Welshman, John (2019) The discourse of poverty : Structural and behavioural approaches in the UK since 1900. In: Routledge International Handbook of Poverty :. Routledge International Handbooks . Routledge, London, pp. 130-138. ISBN 9780367178666
Full text not available from this repository.Abstract
This chapter surveys how poverty has been understood historically in the UK since 1900. On the one hand, poverty has been viewed as a large-scale structural phenomenon. Understandings of poverty have been significantly advanced through social surveys.
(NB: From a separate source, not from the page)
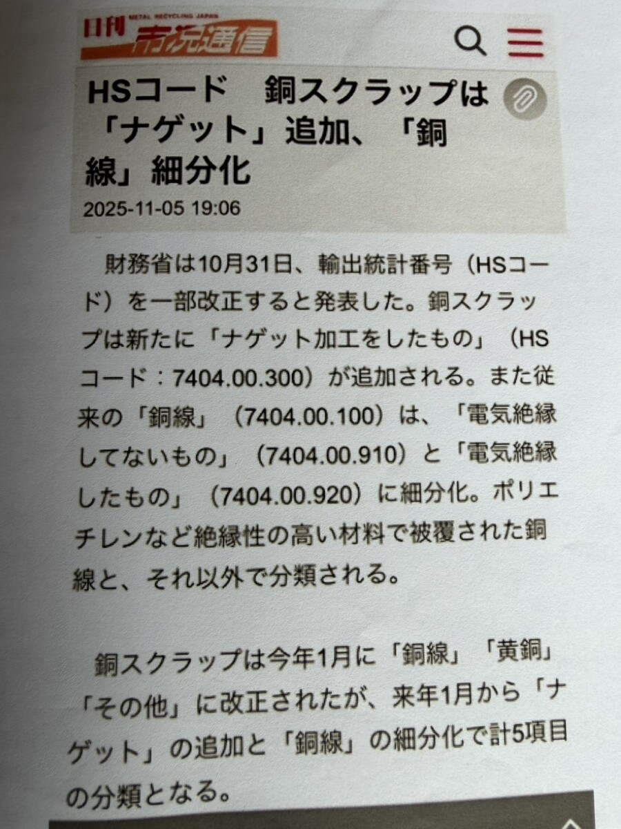 財務省は10月31日、輸出統計番号(HSコード)を一部改正すると発表した。銅スクラップは
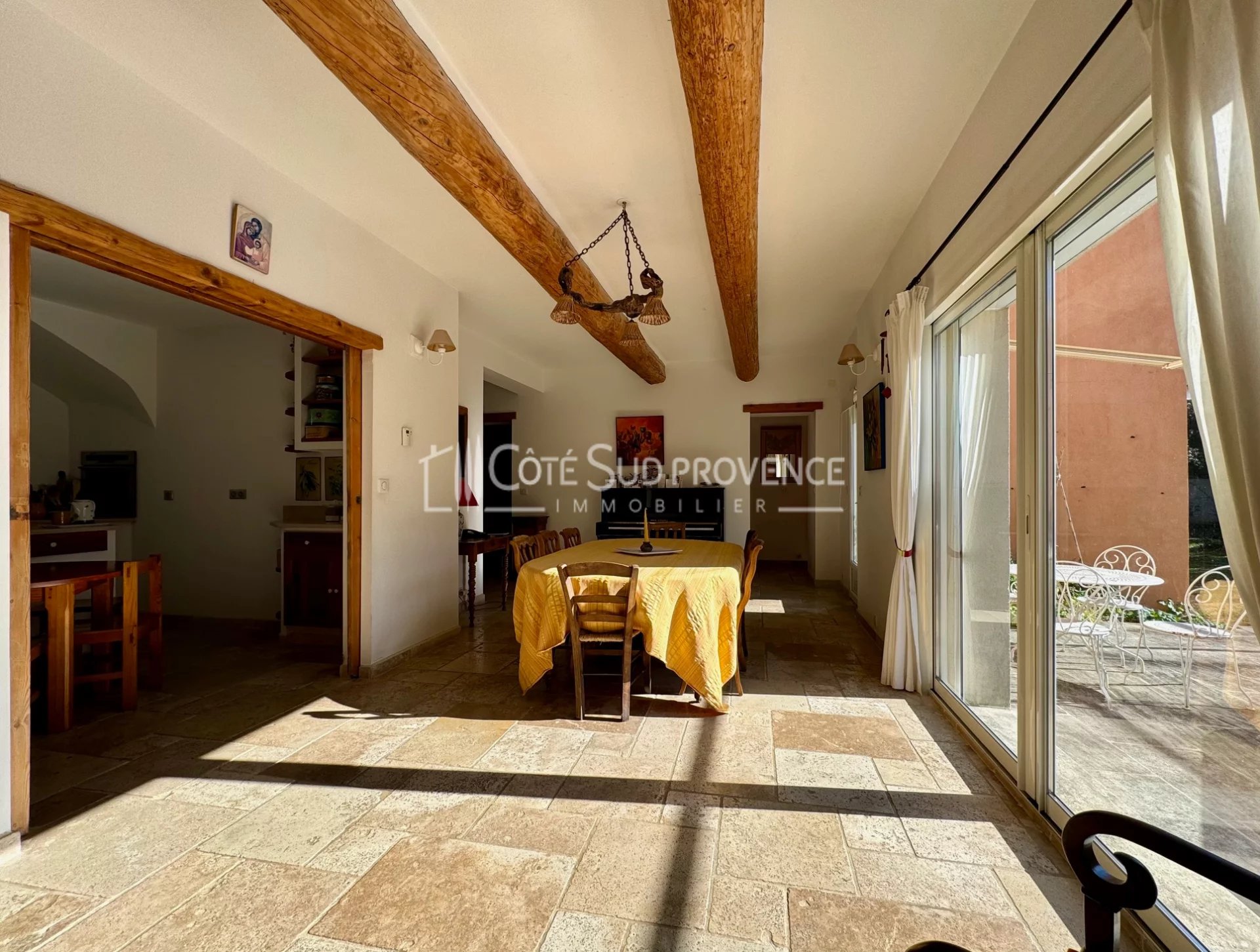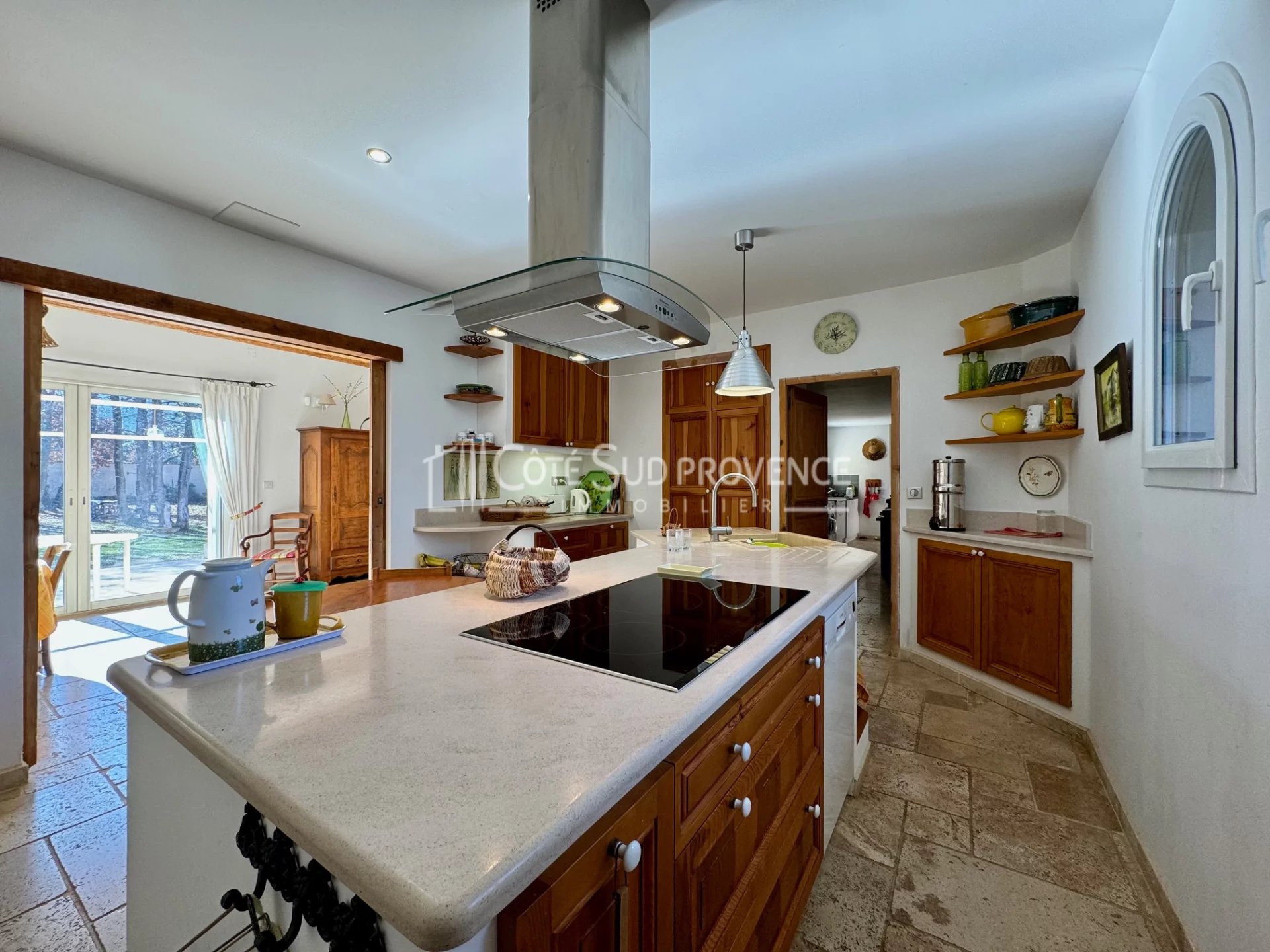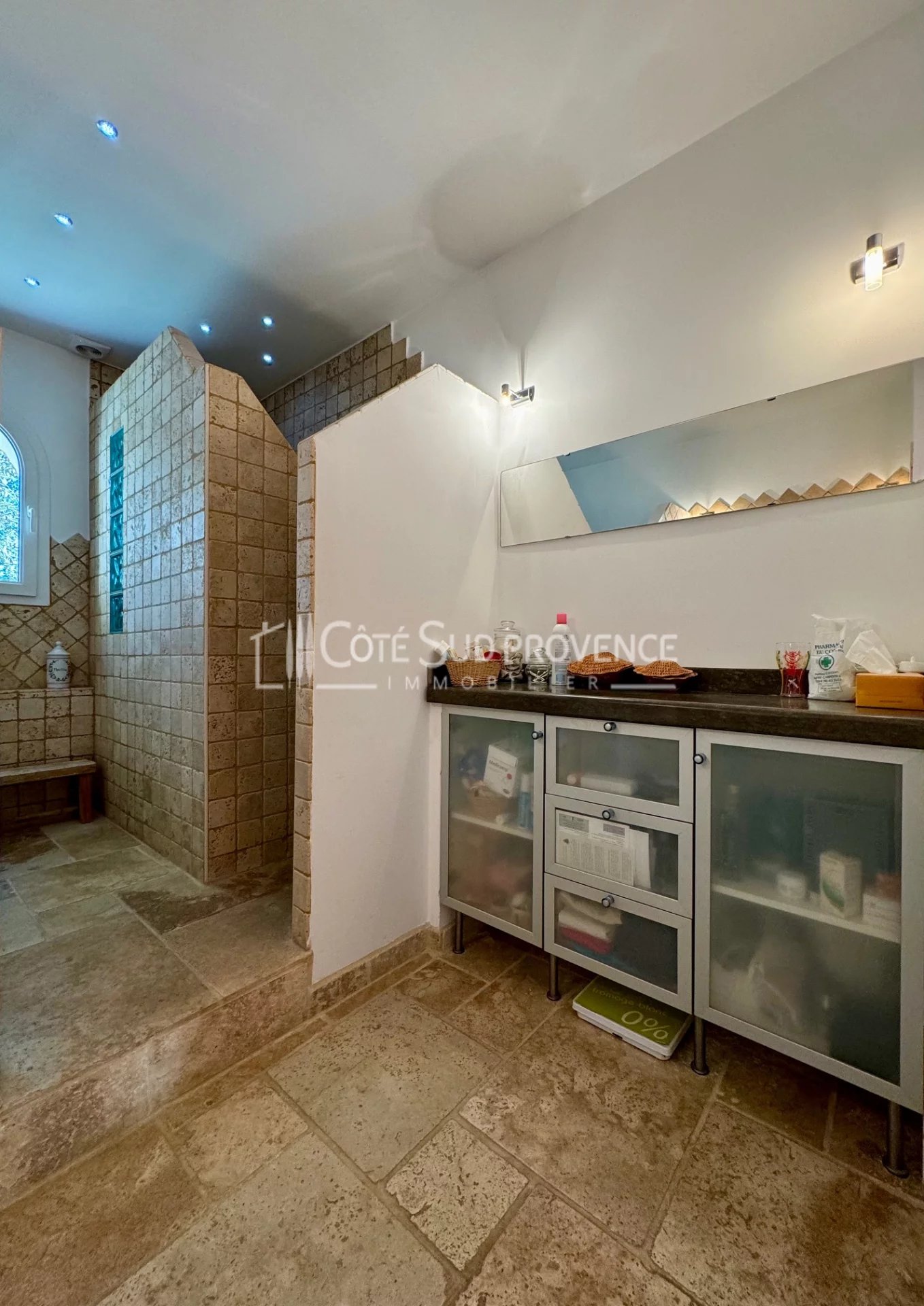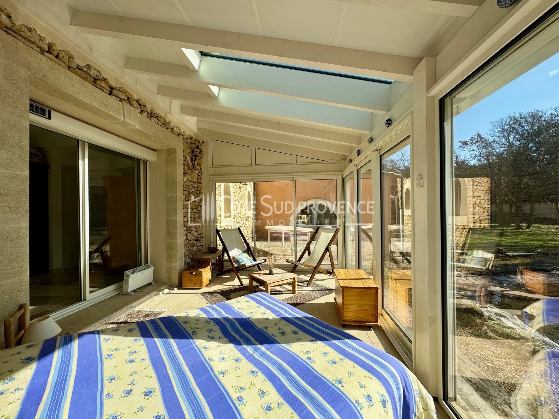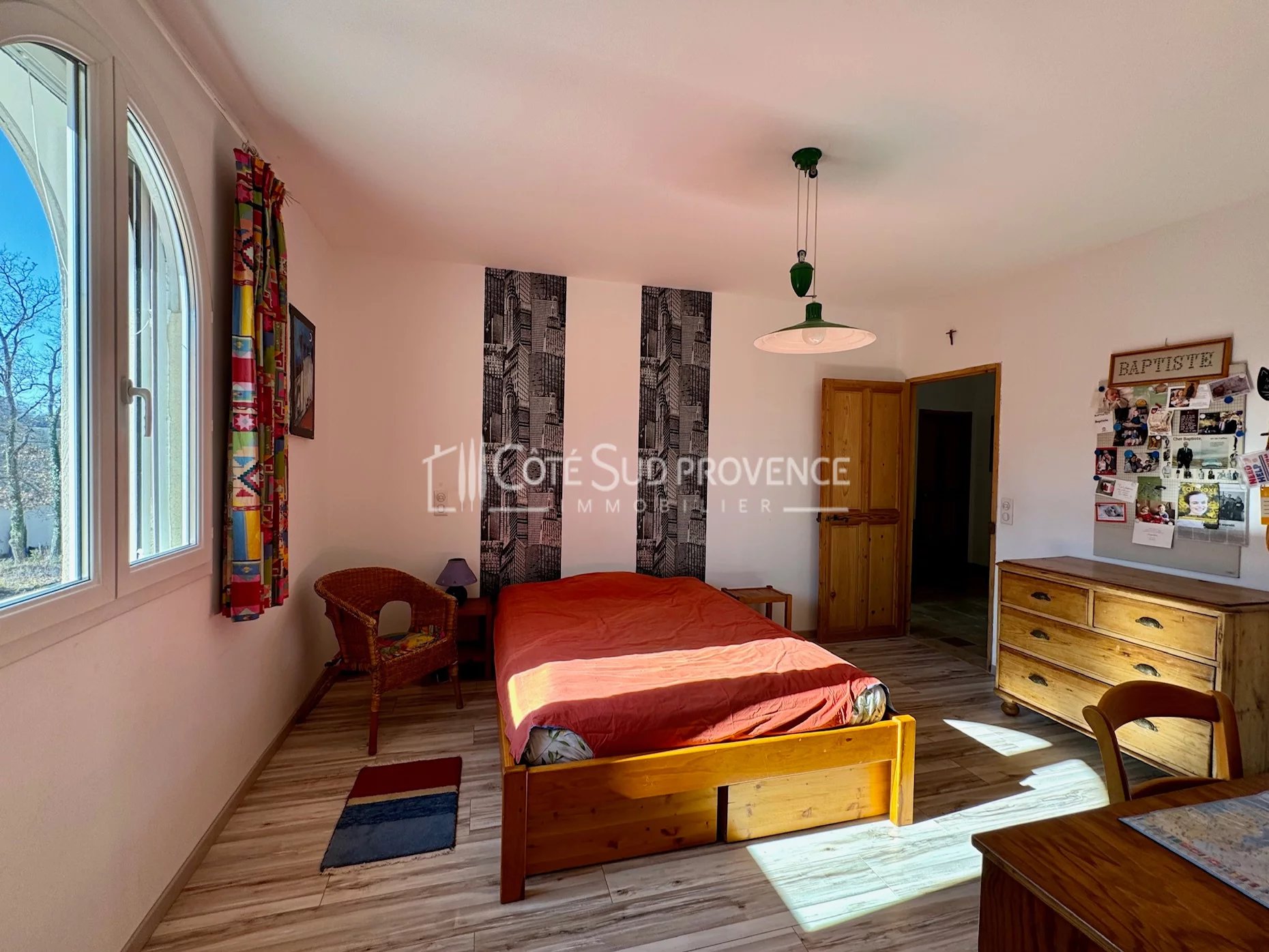 A 40 mn d'Avignon TGV, 3 mn de tous les commerces, secteur résidentiel pour cette Villa d’environ 250 m² sur deux niveaux construite en 2008 avec double garage et piscine naturelle. Hall d'entrée, cuisine, séjour , salon cheminée, 5 chambres, 4 salles d'eau, chalet bois indépendant habitable, gîte attenant et double garage, l’ensemble sur un terrain arboré et clos de murs avec piscine bassin

Significant developments have included the collection of empirical data, the elaboration of poverty lines, the use of random sampling, the move from concepts of absolute to relative poverty, and the development of methodologies and theories based on poverty dynamics. However, poverty has also been repeatedly viewed as a residual personal or family problem. In the modern period, such concepts have included, in the UK, the social residuum of the 1880s, the social problem group of the 1920s, the problem family of the 1950s, the cycle of deprivation of the 1970s, the underclass of the 1980s, the socially excluded of the 1990s, and the troubled families of the early 21st century. The chapter looks at three landmarks in the history of poverty in the UK – the Rowntree survey (1901); Peter Townsend’s theory of ‘relative deprivation’; and research on poverty dynamics from the 1990s – and shows how each was both preceded by, and followed by, rival readings of poverty.